Work item: From the line containing "Tablecloth Block Printed" to the line containing "交易预案显示,苏龙热电是优质的火电资产,但2025年的净利润同比下降。" in the entries below, reproduce every line exactly, ends included. Nothing else belongs in the copy, and no pictures.

Raw data:

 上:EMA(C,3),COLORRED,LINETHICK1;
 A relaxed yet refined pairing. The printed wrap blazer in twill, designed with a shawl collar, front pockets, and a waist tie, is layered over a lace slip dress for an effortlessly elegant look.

==

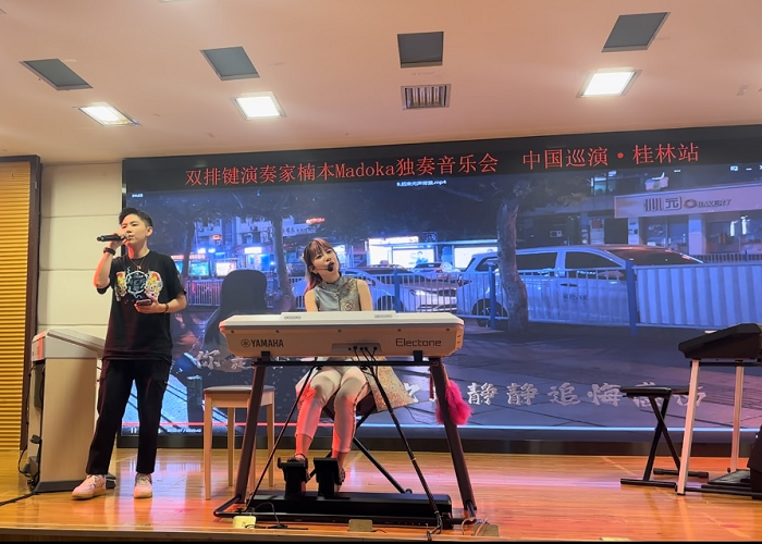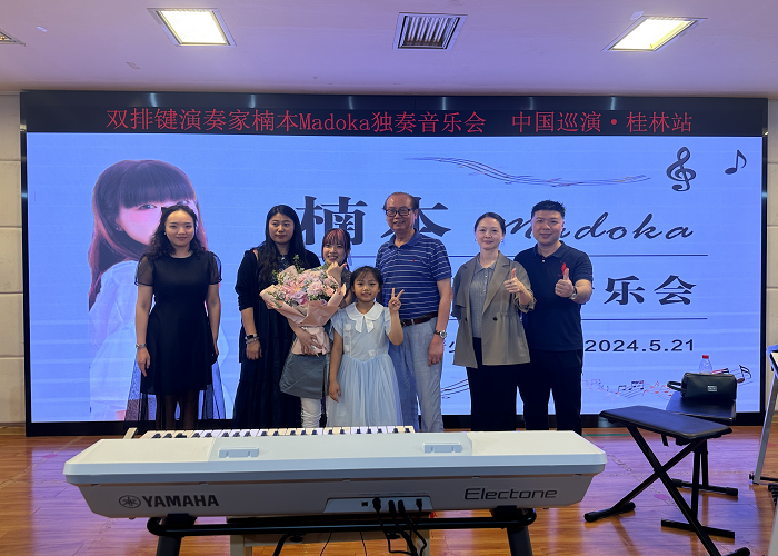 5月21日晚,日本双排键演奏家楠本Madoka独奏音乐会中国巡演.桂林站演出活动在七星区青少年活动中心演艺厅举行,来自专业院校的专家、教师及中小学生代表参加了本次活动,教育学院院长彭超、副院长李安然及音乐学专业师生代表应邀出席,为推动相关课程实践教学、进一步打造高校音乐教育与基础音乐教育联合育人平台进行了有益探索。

--

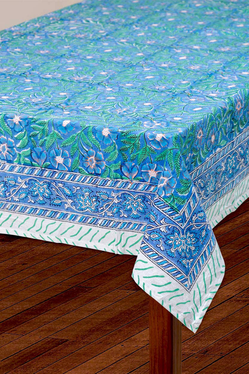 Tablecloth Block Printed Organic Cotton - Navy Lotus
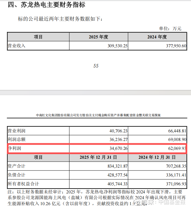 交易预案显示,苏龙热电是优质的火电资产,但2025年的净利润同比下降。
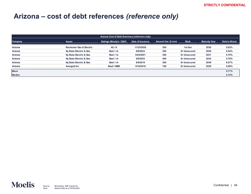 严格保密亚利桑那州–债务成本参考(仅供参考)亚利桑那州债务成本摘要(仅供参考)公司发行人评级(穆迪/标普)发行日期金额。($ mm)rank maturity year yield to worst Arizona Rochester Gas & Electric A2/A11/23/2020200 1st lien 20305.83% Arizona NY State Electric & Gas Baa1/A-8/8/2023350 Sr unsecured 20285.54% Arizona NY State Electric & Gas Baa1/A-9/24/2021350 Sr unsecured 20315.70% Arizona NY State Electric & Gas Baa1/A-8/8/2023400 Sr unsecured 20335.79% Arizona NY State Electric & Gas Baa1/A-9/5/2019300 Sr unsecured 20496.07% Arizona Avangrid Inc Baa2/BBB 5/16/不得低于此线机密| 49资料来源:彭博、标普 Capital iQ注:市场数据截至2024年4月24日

Response to this exercise:
 Tablecloth Block Printed Organic Cotton - Navy Lotus
 交易预案显示,苏龙热电是优质的火电资产,但2025年的净利润同比下降。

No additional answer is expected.